What to work on: In the entries below, find the line with "This Carousel-Themed Ceramic" and print exactly every line from there up to and including the line with "Back in Bombay, Sanjay", with no other lines.

[Data]

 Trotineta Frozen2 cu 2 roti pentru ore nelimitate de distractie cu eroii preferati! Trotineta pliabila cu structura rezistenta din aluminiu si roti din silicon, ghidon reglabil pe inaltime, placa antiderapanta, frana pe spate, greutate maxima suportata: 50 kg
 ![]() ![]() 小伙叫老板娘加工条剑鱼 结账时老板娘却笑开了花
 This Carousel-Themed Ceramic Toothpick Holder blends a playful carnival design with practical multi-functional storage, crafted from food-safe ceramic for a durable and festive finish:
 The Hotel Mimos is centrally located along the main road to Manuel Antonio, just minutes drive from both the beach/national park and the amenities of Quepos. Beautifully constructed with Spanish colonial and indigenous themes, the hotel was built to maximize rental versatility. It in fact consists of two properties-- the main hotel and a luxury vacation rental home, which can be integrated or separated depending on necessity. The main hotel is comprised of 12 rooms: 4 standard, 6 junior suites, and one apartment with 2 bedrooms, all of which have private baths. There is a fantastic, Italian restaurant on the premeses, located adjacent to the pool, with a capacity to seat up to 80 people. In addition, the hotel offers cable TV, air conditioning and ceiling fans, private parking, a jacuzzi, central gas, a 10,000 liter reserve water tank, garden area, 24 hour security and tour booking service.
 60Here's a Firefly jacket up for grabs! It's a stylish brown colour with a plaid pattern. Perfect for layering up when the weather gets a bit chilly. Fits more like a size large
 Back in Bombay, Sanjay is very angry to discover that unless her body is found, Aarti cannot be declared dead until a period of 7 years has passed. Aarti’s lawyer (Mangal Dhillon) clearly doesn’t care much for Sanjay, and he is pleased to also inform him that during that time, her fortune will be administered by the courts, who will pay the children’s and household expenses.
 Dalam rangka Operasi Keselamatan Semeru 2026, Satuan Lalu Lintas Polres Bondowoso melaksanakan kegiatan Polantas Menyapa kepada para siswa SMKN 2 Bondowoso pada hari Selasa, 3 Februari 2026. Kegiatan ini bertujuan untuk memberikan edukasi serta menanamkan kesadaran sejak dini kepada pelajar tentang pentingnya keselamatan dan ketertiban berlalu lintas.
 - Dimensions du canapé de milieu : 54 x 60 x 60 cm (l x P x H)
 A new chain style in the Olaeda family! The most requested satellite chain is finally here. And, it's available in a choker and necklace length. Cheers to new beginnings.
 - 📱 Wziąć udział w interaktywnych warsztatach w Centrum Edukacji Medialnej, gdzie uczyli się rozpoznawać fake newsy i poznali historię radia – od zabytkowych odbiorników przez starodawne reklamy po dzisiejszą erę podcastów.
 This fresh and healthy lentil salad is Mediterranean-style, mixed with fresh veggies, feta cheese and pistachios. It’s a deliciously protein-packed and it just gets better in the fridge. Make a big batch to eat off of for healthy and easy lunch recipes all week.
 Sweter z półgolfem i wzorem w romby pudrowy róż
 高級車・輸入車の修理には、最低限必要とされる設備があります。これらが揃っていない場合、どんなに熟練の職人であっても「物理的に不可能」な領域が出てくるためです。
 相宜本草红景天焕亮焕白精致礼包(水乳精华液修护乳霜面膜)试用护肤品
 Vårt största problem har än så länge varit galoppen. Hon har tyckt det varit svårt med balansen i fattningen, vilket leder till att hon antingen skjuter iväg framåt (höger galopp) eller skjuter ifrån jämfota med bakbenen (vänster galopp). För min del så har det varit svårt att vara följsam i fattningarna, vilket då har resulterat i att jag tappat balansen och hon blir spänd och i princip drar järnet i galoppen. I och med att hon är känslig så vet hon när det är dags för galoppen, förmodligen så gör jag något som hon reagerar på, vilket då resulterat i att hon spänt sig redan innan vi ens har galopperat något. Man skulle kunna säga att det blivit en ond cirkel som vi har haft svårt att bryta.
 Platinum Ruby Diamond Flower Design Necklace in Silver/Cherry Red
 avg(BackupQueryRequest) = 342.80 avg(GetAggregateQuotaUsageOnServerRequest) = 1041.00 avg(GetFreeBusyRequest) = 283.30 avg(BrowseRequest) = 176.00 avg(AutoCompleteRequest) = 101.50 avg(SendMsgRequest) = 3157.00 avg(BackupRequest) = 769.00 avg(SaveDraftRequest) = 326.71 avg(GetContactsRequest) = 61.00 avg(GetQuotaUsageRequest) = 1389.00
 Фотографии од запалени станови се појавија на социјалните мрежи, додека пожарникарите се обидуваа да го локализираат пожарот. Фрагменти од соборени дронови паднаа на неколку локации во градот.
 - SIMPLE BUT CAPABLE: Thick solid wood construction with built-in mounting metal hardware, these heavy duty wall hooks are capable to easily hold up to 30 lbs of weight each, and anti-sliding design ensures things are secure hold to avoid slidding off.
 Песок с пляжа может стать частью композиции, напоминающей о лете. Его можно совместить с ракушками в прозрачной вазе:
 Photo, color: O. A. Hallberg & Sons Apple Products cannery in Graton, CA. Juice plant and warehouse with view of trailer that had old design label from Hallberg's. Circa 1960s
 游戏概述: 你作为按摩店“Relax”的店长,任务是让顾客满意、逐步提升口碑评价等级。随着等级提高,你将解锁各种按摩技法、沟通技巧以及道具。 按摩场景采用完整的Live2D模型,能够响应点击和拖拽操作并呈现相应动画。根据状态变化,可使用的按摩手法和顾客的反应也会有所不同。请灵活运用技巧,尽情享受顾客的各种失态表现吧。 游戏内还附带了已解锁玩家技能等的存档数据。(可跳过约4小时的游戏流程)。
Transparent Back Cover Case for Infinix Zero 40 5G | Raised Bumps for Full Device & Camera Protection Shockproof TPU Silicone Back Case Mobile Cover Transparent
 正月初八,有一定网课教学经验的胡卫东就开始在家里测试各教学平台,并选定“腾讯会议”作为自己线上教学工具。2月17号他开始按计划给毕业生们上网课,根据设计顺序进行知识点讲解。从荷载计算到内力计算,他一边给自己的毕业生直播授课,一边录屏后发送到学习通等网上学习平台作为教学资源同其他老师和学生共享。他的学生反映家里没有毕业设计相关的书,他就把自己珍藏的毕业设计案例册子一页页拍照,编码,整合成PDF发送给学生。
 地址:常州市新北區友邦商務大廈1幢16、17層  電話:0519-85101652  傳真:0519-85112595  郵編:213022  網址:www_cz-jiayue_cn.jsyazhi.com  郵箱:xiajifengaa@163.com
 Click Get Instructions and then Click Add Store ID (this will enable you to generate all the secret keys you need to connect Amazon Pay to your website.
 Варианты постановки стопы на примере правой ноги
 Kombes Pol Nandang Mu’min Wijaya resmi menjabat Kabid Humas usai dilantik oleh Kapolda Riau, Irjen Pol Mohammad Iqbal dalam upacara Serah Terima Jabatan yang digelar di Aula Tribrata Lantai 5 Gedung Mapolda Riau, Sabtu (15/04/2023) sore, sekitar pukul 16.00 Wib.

[/Data]

Output:
 This Carousel-Themed Ceramic Toothpick Holder blends a playful carnival design with practical multi-functional storage, crafted from food-safe ceramic for a durable and festive finish:
 The Hotel Mimos is centrally located along the main road to Manuel Antonio, just minutes drive from both the beach/national park and the amenities of Quepos. Beautifully constructed with Spanish colonial and indigenous themes, the hotel was built to maximize rental versatility. It in fact consists of two properties-- the main hotel and a luxury vacation rental home, which can be integrated or separated depending on necessity. The main hotel is comprised of 12 rooms: 4 standard, 6 junior suites, and one apartment with 2 bedrooms, all of which have private baths. There is a fantastic, Italian restaurant on the premeses, located adjacent to the pool, with a capacity to seat up to 80 people. In addition, the hotel offers cable TV, air conditioning and ceiling fans, private parking, a jacuzzi, central gas, a 10,000 liter reserve water tank, garden area, 24 hour security and tour booking service.
 60Here's a Firefly jacket up for grabs! It's a stylish brown colour with a plaid pattern. Perfect for layering up when the weather gets a bit chilly. Fits more like a size large
 Back in Bombay, Sanjay is very angry to discover that unless her body is found, Aarti cannot be declared dead until a period of 7 years has passed. Aarti’s lawyer (Mangal Dhillon) clearly doesn’t care much for Sanjay, and he is pleased to also inform him that during that time, her fortune will be administered by the courts, who will pay the children’s and household expenses.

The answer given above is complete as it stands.